Gareth Liddiard performing at Dark Mofo in 2015.Credit: Christopher Pearce

The title track is by his own estimate 75 per cent autobiographical. It includes references to living out of a Mitsubishi van and the last – and worst – day job he ever held.

“Fi and I had to do work for the dole for this company in Melbourne that owned all the TVs in hospitals and patients had to rent them for seven bucks a day,” he recalls. “I’d go into cancer wards and AIDS wards and ask people to pay up. I once had to get a girl who was in the heart ward to give us over 50 bucks she owed. I found her room and walked in, and I thought she was asleep, but as I looked closer, I realised she was dead.”

Whether he was writing about the public’s adoration of highwire walker Charles Blondin or betrayal and recriminations in wartime France, Liddiard worked hard at building the worlds within each song.

“For me, songwriting is like a train set, with a diorama of a town around it,” he says. “You know you’re going to need a traffic light and a poplar tree and a baby in a pram and a broken window in the house on the edge of town. You have to populate it with all this stuff.
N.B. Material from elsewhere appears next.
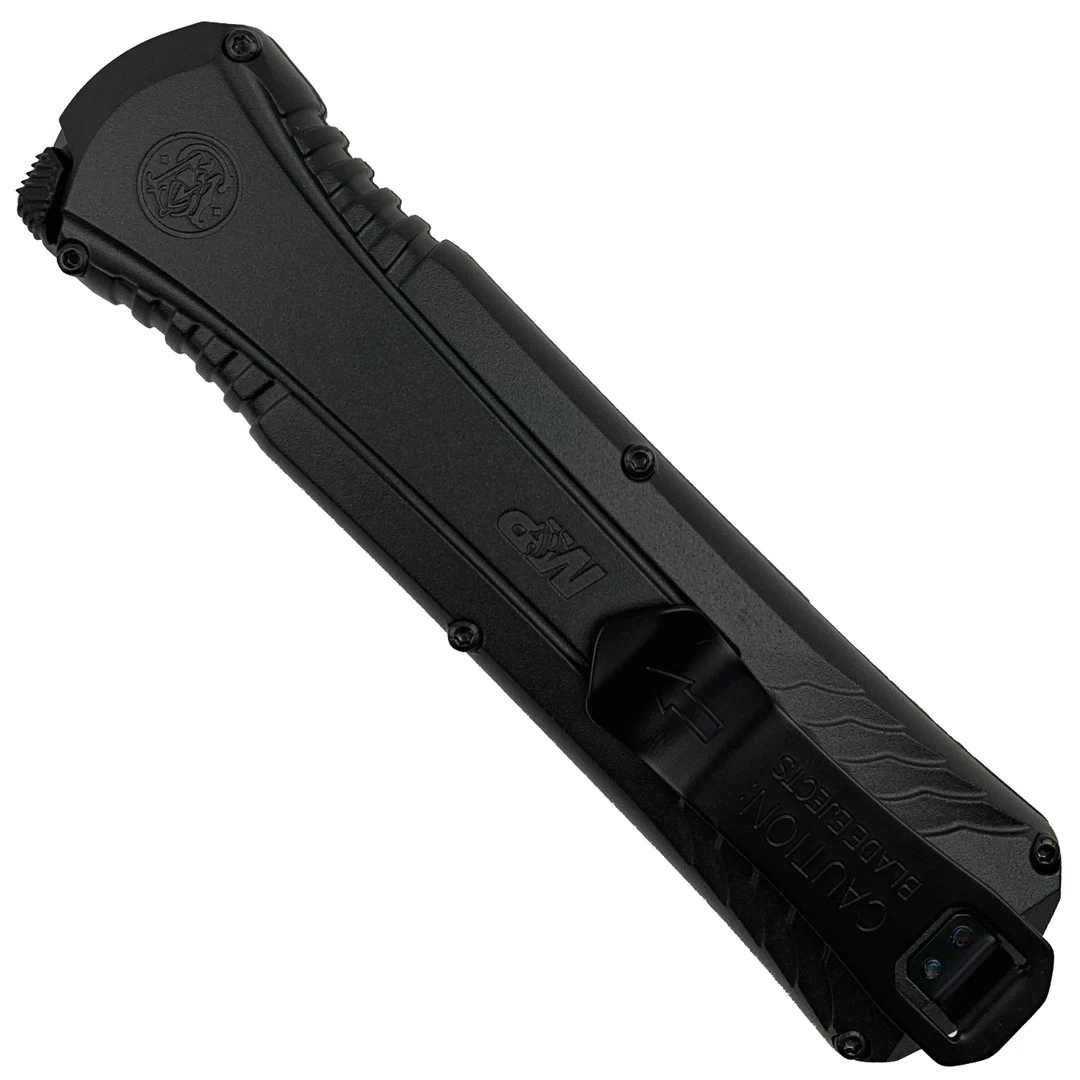 The Smith & Wesson OTF knives are both spring-assisted and single-action which means they deploy with the push of the slide switch but manually retracted. Additionally, the wide-body handle design offers an ergonomic feel especially since the trigger is on the broad side of the handle and every OTF includes a safety arm found near the base.

A song is a universe you have to fill with everything from the weather to the state of mind of the character singing the song.”

Strange Tourist has garnered many accolades over the years, and not just award nominations and rave reviews – artist Jason Benjamin was so inspired by it that he decided to paint Liddiard for the 2011 Archibald Prize; playwright Mark Rogers used The Radicalisation Of D as inspiration for his play Superheroes; British actor George McKay based his voice in True History of the Kelly Gang on Liddiard’s vocal delivery on the album.

“I just feel fortunate the record is still in print and people seem to be still interested in it,” says Liddiard, shrugging. “I often feel like I’m treading water. I have all the neuroses and anxieties in my head like everyone else, and I do things like meditation to turn that down. But I have the music in there too. It’s always there. And that’s why I do this.”

Gareth Liddiard plays The Factory Theatre on November 17.